Perils of Causation • Which of the following is more likely? • Michael and Lindsey’s marriage seemed very happy. One day he came home from work and killed her. • Michael and Lindsey’s marriage seemed very happy. One day he came home from work and killed her in order to collect on an insurance policy. The correct answer is #1.
The Narrative Fallacy • People do not look at data in a vacuum. When we look at data, we want it to tell us a story. We construct a narrative. • That narrative is based in fact but it is not the truth. • We want to tell a story. Revisiting the tragic ballad of Michael and Lindsey’s marriage - Why is the correct answer #1? • #1 encompasses #2 and all other explanations. • It is possible that he killed her for insurance, but there are other possible explanations.

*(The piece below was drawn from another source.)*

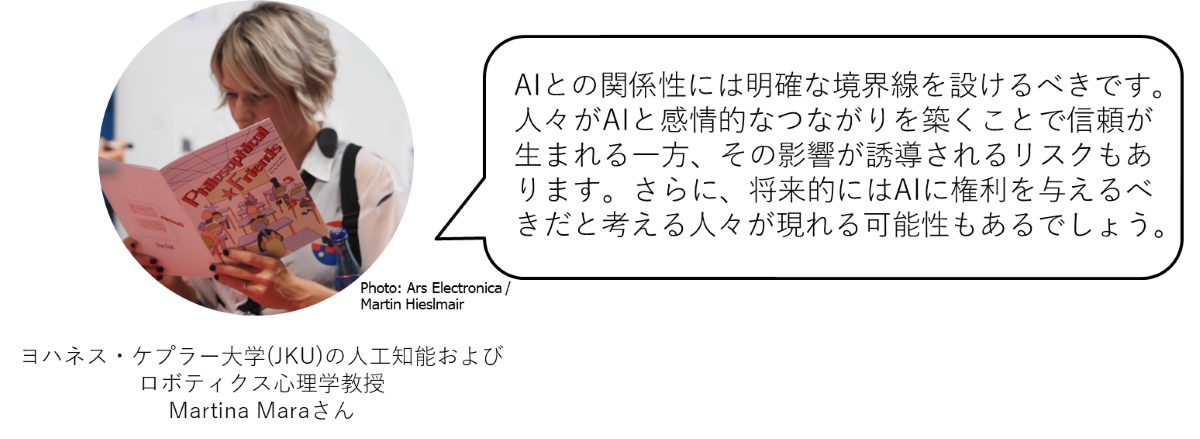 この発言は、ヨーロッパでよく見られるAI倫理に関する議論の一端を示しています。ヨーロッパでは、人間中心主義的な視点が強く、人とAIの役割を慎重に分けるべきだという考えが根付いています。

Leverage or Influential Points • Sometimes, a single point can have an undue influence on the shape of a linear model. • A data point is said to have a high leverage if it is far away from the mean of the predictor variable (x). • A data point is influential if omitting it from a linear model would greatly change the model. • Identify influential points by their high residual. • A point with high leverage is not necessarily influential, especially if its residual is low.
Lurking Variables (look out behind you) • When we go forward with our unit on experimental design, the concept of a lurking variable will be reintroduced. • A lurking variable is a variable that may have an impact on two other variables. It can cause two unrelated variables to exhibit correlation. • Consider lurking variables when you interpret a linear model.